Practical Considerations in Frequency Diverse Array Radar Signal Processing

Abstract

The frequency diverse array (FDA) has been shown to produce a range and angle dependent beampattern, unlike a conventional phased array which yields only a direction dependent pattern. The FDA generates a range-selective projection on to the far-field region that migrates spatially along the extent of the functional range. A recent FDA architecture known as equivalent transmit beamforming has been demonstrated to exhibit a time-independent behavior that can potentially simplify the receiver signal processing. This thesis studies lapses in practical considerations of equivalent transmit beamforming system operations. The influence of target motion on equivalent transmit beamforming is elaborated upon, and a metric is constructed to quantify the adverse consequences of a non-stationary target on system detection capabilities.

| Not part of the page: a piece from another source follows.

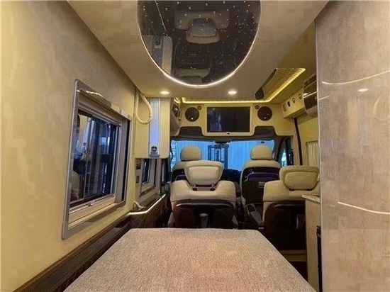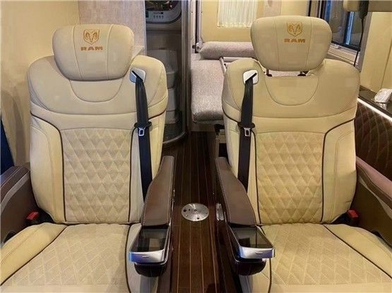 道奇公羊商务房车座舱内配有2张独立头等舱座椅,内侧可与前方隐藏式吧台座椅拼成一张尺寸为2100×550(mm)的单人床,也就是说可以满足一人睡眠需求。

The equivalent transmit beamforming scheme is then translated onto 2-dimensional arrays that have more flexibility in control across dimensions (range, azimuth, elevation). The unique array factors of the planar configurations are formulated from which the radiation characteristics are gauged in order to assess the relative performance of each configuration. Finally, the effect of unknown mutual coupling in both transmit and receive mode is considered. An algorithm is proposed which performs online joint estimation of the mutual coupling coefficients and the target parameters, along with a mutual coupling compensation method. Detailed signal model formulations and simulation results are included to confirm the results of this work.